Первое, что бросается в глаза при переходе от религиозных материалов предыдущих периодов к религиозным материалам I тысячелетия, — это такие новые черты, как сосредоточенность на смерти и притупление чувств. Полную и исчерпывающую картину, разумеется, нельзя составить без учета множества других сложных и в определенном смысле весьма гибких тенденций развития — например, устойчивого стремления отождествлять богов со звездами. Необходимо принимать во внимание и огромную массу сохранившихся представлений, хотя она и очерчивается достаточно смутно.
Мы ограничимся кратким рассмотрением некоторых из модификаций, которым подвергаются основные религиозные метафоры предшествующих эпох, перешедшие и в I тысячелетие до н. э., продолжая служить как средства религиозного выражения.
Наиболее ранняя из таких метафор — метафора даятеля — в целом в значительной степени уступила место метафоре правителя с ее социальными и политическими задачами. Перемена эта происходила, вероятно, главным образом на протяжении III и II тысячелетий. Метафора даятеля в том виде, в каком она дошла до I тысячелетия, тяготеет к изображению нуминозной силы — бога — как должностного лица, отвечающего за явления природы, от которых зависело процветание человека. Примером могут служить две молитвы Саргона II из Ассирии: одна обращена к Эйе, которого он называет его шумерским эпитетом Nin-igi-kug, a другая — к Ададу. Первая молитва звучит так:
О Нин-иги-куг, всеведущий, создатель всего сущего,
для Саргона, владыки мира, царя Ассирии,
правителя Вавилона,
царя Шумера и Аккада, строителя твоего
святилища, отвори свой источник
(из пучины),
пусть твои ключи, принесут воды изобилия
и плодородия, оросят его поля!
Во второй молитве говорится следующее:
О Адад, блюститель орошения земли и небес,
вспышка (чьей молнии) освещает
тронные возвышения;
для Саргона, владыки мира, царя Ассирии,
правителя Вавилона,
царя Шумера и Аккада, строителя твоего святилища,
пошли ему в нужную пору дожди с неба, паводок
из источника (глубин),
нагромозди ему горы ячменя и лука-порея в поле,
пусть его подданные возлежат покойно посреди избытка
и изобилия[474].
Гораздо труднее дать оценку тому, что произошло с метафорой правителя, и объяснить происшедшую с ней перемену, которая в основном свелась к смещению акцентов. Подобное смещение не так легко зафиксировать, поскольку оно могло разниться от одного человека к другому и от ситуации к ситуации. Любое возможное толкование, неизбежно будет условным и субъективным.

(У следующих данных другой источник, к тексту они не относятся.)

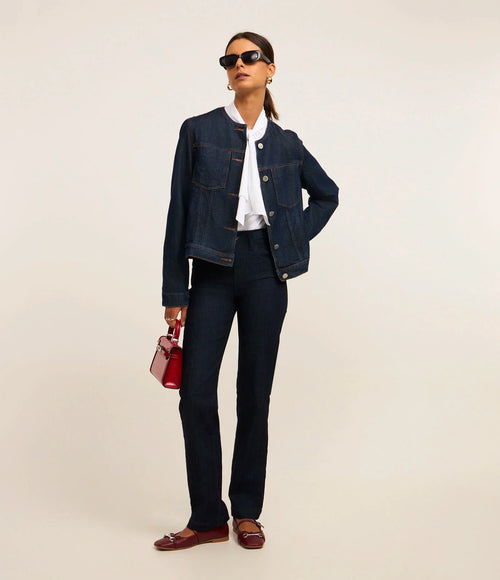 Calça Reta em Jeans com Fivela Lateral Azul
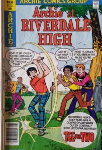 No one likes a show-off! When “Chance” Carter tries to weasel his way into becoming a member of The Archies, will his gimmick empress them enough to allow him to perform with the band? And speaking of show-offs, Reggie does whatever it takes to become captain of the golf team. Meanwhile, Reggie also seems to have lost his edge in track when Archie decides he doesn’t want to compete any longer. Yup, I dug this Archie comic out of a quarter bin and got to revisit the Seventies with the Riverdale gang! Unfortunately, many of the creators for this issue full of Riverdale antics and hijinks are unknown, but the Grand Comics Database (GCD) does list Joe Edwards, Mike Pellowski, Bob Bolling, Rudy Lapick, Barry Grossman, Bill Yoshida, and John Goldwater. Be sure to click the link for story titles and known credits. The cover price of Archie at Riverdale High #65 is 40¢, while the current values are $8 on CBR and $6 on ZKC.
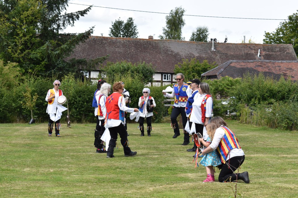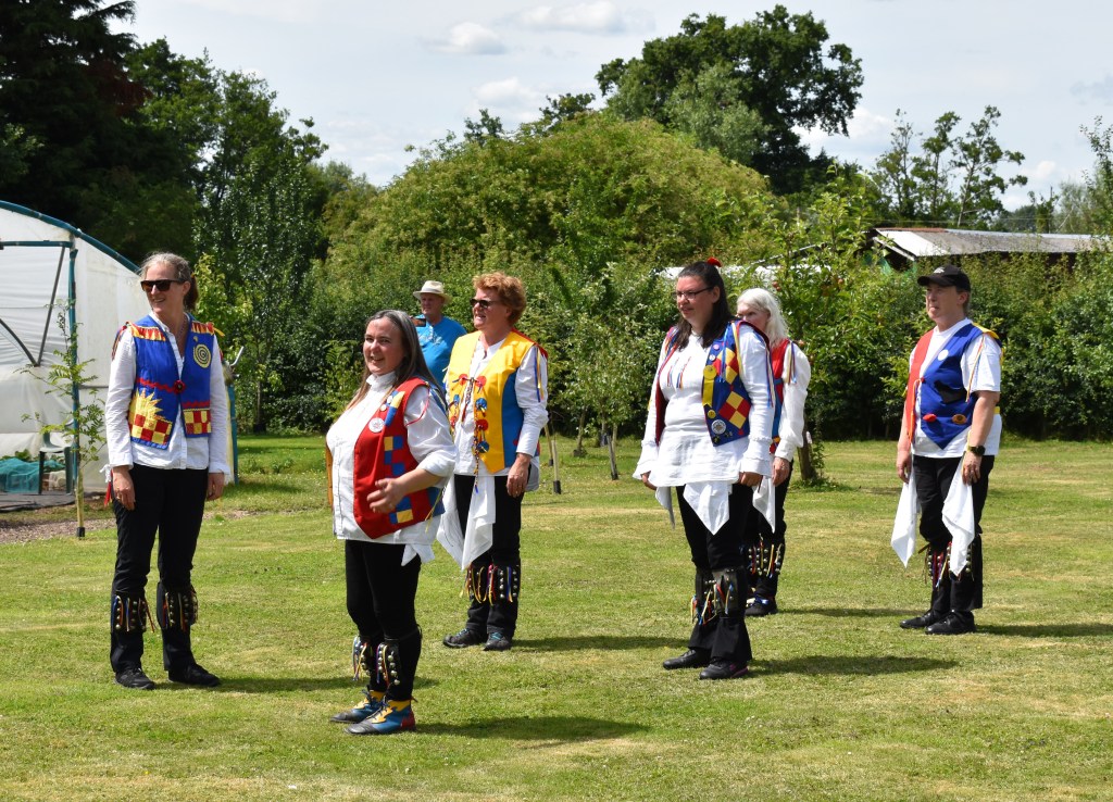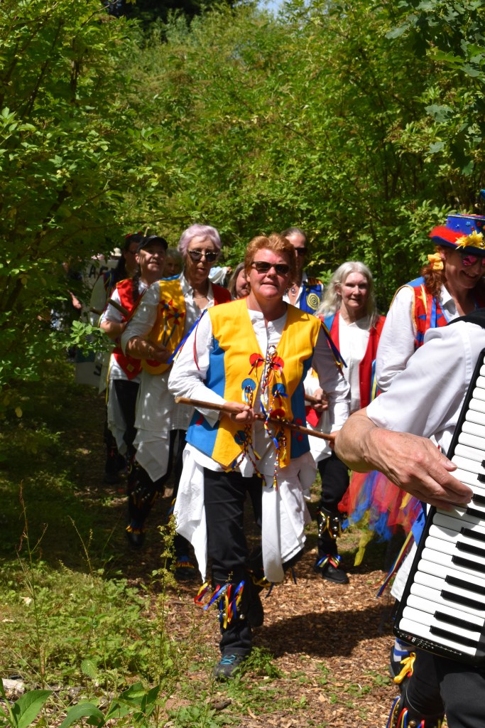 Then the Jenny Pipes Morris dancers arrived. They are named after the last woman to be ducked on Leominster’s ducking stool into the Kenwater, which is part of the River Lugg. We are pleased to say she was feisty and came up shouting even though she was ducked twice. Her crime? Scolding her husband!

Памятуя об этом обстоятельстве, мы тем не менее рискнем выдвинуть следующее предположение: тенденция к абсолютизму царской власти, преобладавшая уже в III тысячелетии, со временем, весьма вероятно, повлияла на представление о правителе и соответственно сместила акценты в религиозной метафоре. В результате власть, сосредоточенная в руках земного абсолютного монарха, приписывалась в метафоре божеству. Подобная тенценция хорошо отвечает представлению о безграничной власти, нуминозного в его устрашающем аспекте, однако идет вразрез с догмами политеистической системы, в которой власть щедро и разнообразно распределена между многими божествами. Чтобы утвердиться, эта тенденция должна была искать способы унификации и консолидации власти. И действительно, различные объединяющие и консолидирующие тенденции реально засвидетельствованы во многих из рассмотренных нами материалов.
Один достаточно очевидный способ консолидации власти, вполне совместимый со взглядом на богов как на должностных лиц в космическом государстве, — это передача власти какому-то одному божеству. Такая передача власти описана еще в поэме «Энума элиш», где все главные боги передают свои различные прерогативы Мардуку, и в двуязычном сказании «Возвышение Инанны»[475], где Ан, Энлиль и Эйя по очереди передают свою власть Инанне. Оба эти произведения восходят ко II тысячелетию до н. э. Примером, относящимся к I тысячелетию, может служить хвалебный гимн Ашшурбанапала Мардуку, который гласит:
Ты наделен божественностью Ану, Энлиля и Эйи,
царственностью и величьем,
ты сосредоточил всю (добрую) мудрость.
О ты, всемогущий![476]
Сходный пример — попытку найти формулу для примирения соперников Мардука и Ашшура, притязавших на власть над вселенной, — дает отрывок надписи Саргона II из Ассирии, в которой он заставляет Мардука передать власть Ашшуру и требовать для него дани от всех других богов:
Ашшур, отец богов, владыка (всех) земель, царь небес и всей земли, зачинатель, владыка владык, кому издавна Энлиль богов — Мардук повелел богам низин и гор четырех сторон (света) платить дань ему и — всем без исключения — повелел явиться в Эхурсаггаль[477] с грудами сокровищ[478].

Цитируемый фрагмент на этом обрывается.